### Task objective
Reproduce all the lines below exactly and omit the images.

(Beginning of Raw data)

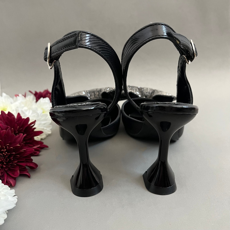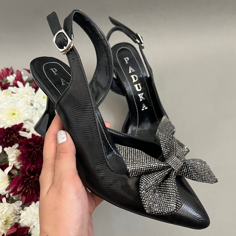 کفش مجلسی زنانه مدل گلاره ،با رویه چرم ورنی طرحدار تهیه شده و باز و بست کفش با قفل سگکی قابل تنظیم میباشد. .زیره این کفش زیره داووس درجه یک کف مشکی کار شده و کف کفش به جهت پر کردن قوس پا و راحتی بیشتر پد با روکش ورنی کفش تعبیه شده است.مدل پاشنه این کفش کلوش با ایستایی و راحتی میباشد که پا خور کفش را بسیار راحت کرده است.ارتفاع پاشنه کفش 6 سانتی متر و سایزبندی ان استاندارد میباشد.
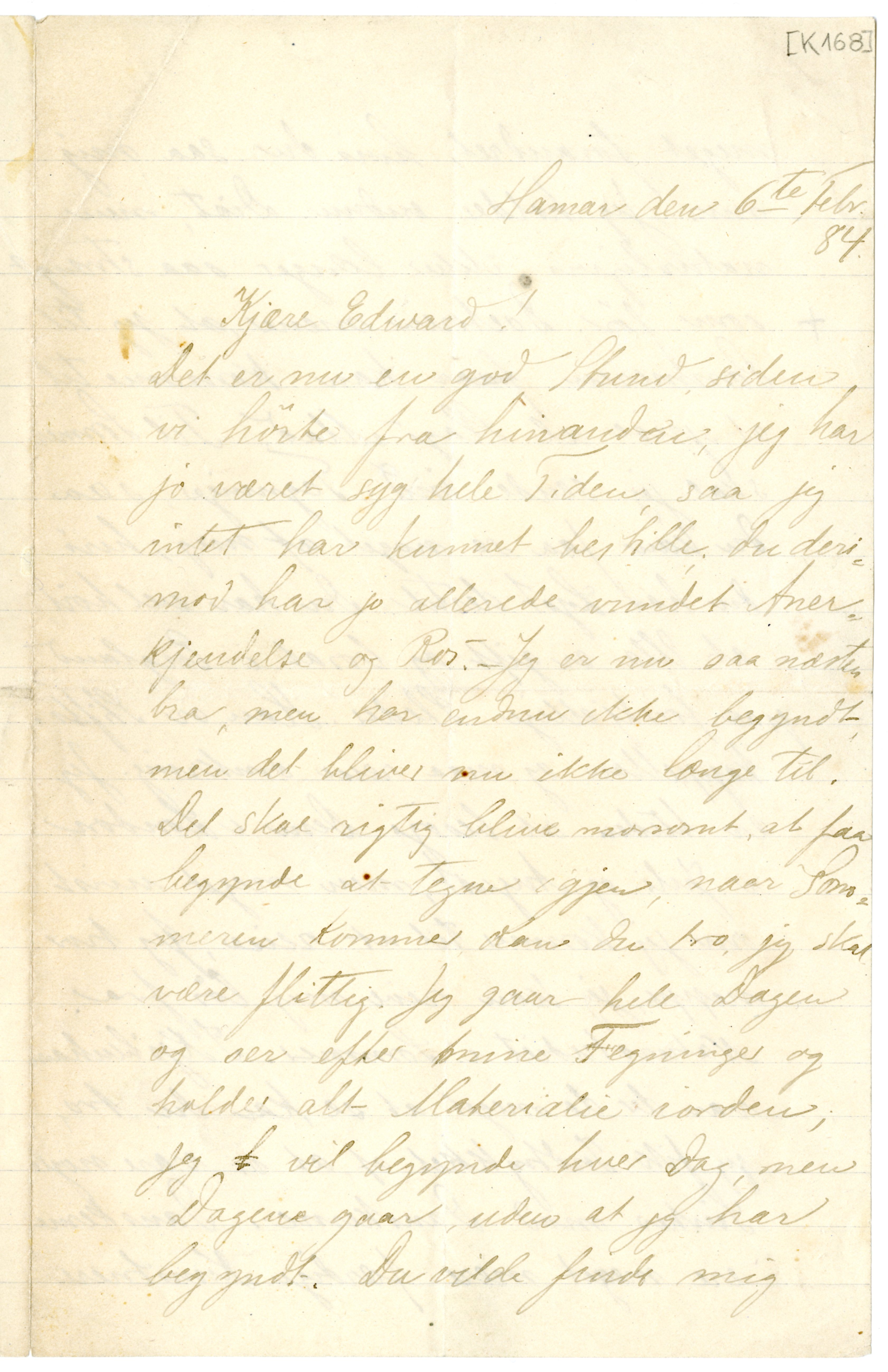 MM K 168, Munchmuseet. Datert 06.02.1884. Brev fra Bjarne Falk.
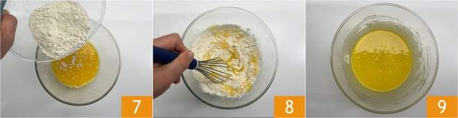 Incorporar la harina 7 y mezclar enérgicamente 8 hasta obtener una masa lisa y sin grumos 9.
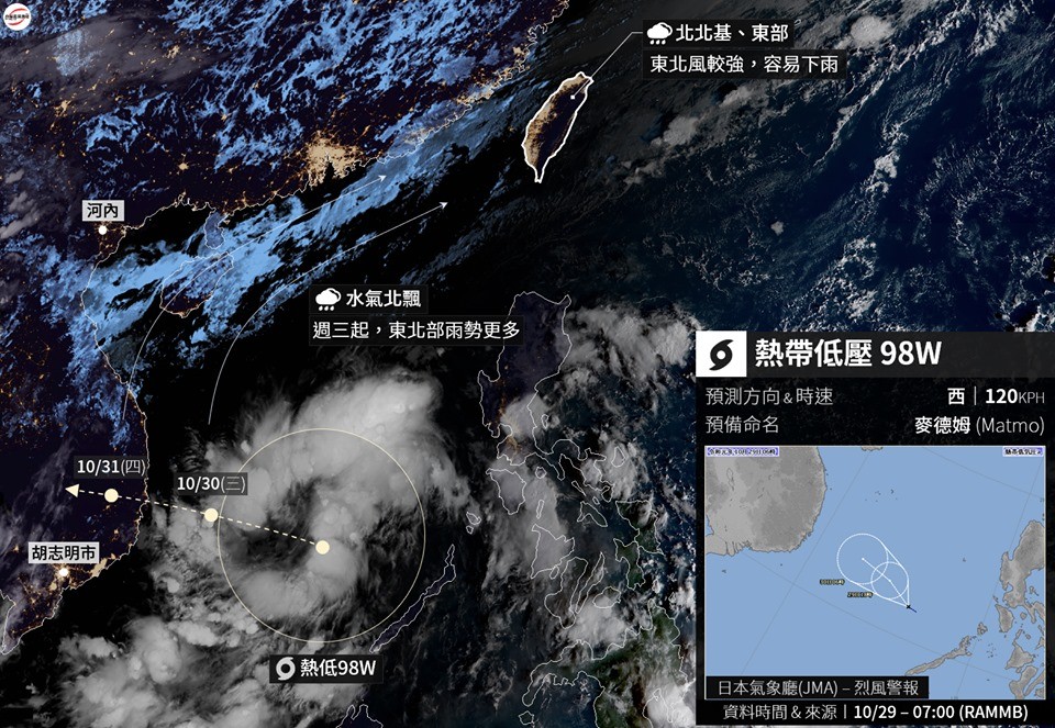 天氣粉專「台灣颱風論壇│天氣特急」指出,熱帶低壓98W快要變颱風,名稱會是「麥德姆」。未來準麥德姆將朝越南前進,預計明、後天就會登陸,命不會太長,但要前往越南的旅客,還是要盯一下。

(End of Raw data)

### Exercise solution
 کفش مجلسی زنانه مدل گلاره ،با رویه چرم ورنی طرحدار تهیه شده و باز و بست کفش با قفل سگکی قابل تنظیم میباشد. .زیره این کفش زیره داووس درجه یک کف مشکی کار شده و کف کفش به جهت پر کردن قوس پا و راحتی بیشتر پد با روکش ورنی کفش تعبیه شده است.مدل پاشنه این کفش کلوش با ایستایی و راحتی میباشد که پا خور کفش را بسیار راحت کرده است.ارتفاع پاشنه کفش 6 سانتی متر و سایزبندی ان استاندارد میباشد.
 MM K 168, Munchmuseet. Datert 06.02.1884. Brev fra Bjarne Falk.
 Incorporar la harina 7 y mezclar enérgicamente 8 hasta obtener una masa lisa y sin grumos 9.
 天氣粉專「台灣颱風論壇│天氣特急」指出,熱帶低壓98W快要變颱風,名稱會是「麥德姆」。未來準麥德姆將朝越南前進,預計明、後天就會登陸,命不會太長,但要前往越南的旅客,還是要盯一下。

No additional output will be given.